Currently only Manjaro provides KWinFT packages officially. You can install all KWinFT projects on Manjaro easily through the packages with the same names.

Manjaro also offers git-variants of these packages allowing you to run KWinFT projects directly from master branch. This way you can participate in its development directly or give feedback to latest changes.

If you run Arch Linux you can install all KWinFT projects from the AUR. The release packages are not yet updated to 5.20 but I assume this happens pretty soon. They have a bit weird naming scheme: there are kwinft, wrapland-kwinft, disman-kwinft and kdisplay-kwinft. Of these packages git-variants are available too but they follow the better naming scheme without a kwinft suffix. So for example the git package for disman-kwinft is just called disman-git. Naming nitpicks aside huge thanks to the maintainers of these packages: abelian424 and Christoph (haagch).

A special place in my heart was conquered not long ago by Fedora. I switched over to it from KDE Neon due to problems on the latest update and the often outdated packages and I am amazed by Fedora's technical versed and overall professional vision.

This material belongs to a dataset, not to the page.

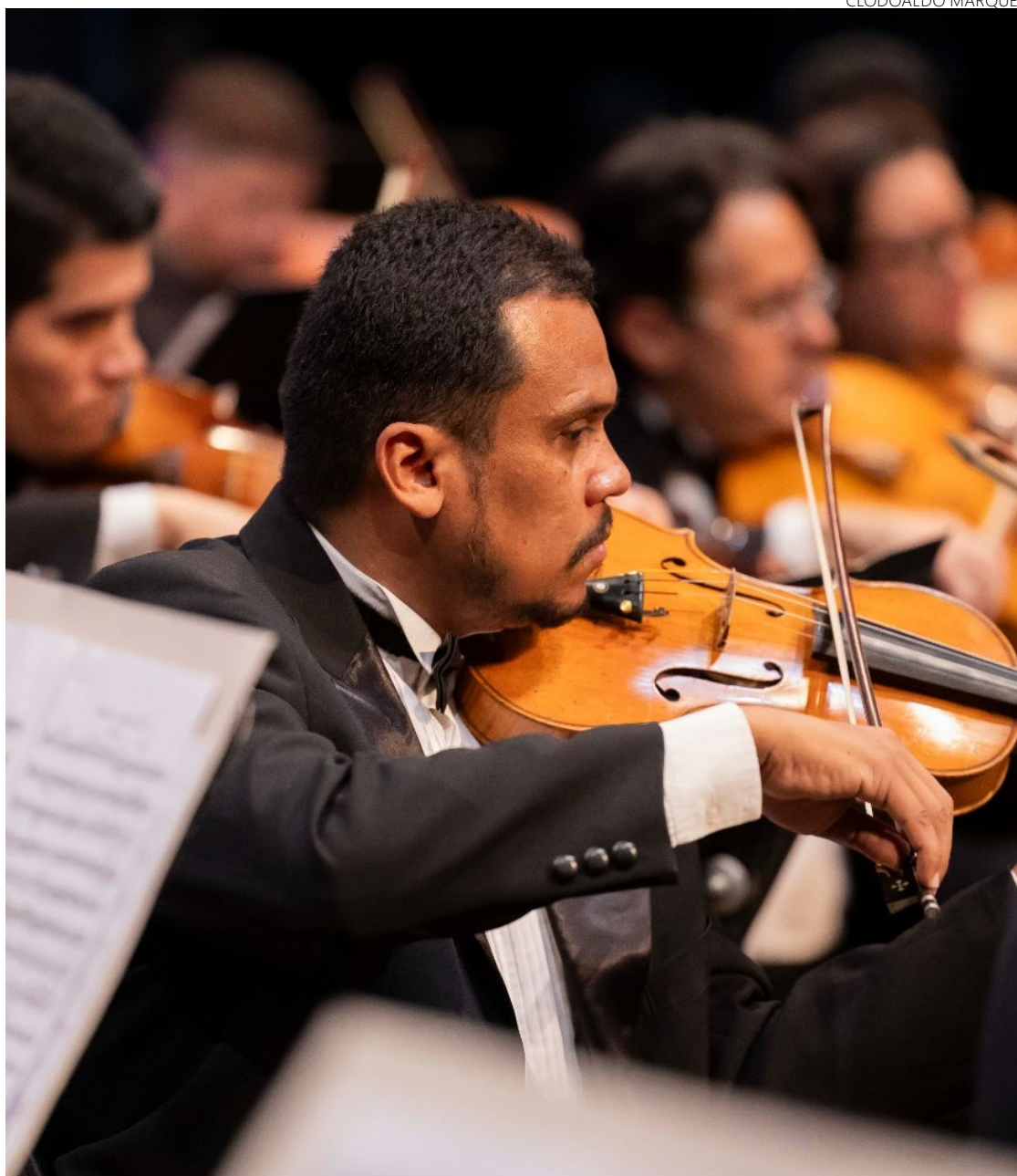
Músicos realizarão espetáculo com repertório orquestral escrito por mulheres: homenagem ao dia 8 de março

To install KWinFT projects on Fedora with its exceptional package manager DNF you can make use of this copr repository that includes their release versions. The packages are already updated to 5.20. Thanks to zawertun for providing these packages!

Fedora's KDE SIG group also took interest in the KWinFT projects and setup a preliminary copr for them. One of their packagers contacted me after the Beta release and I hope that I can help them to get it fully setup soon. I think Fedora's philosophy of pushing the Linux ecosystem by providing most recent packages and betting on emerging technologies will harmonize very well with the goals of the KWinFT project.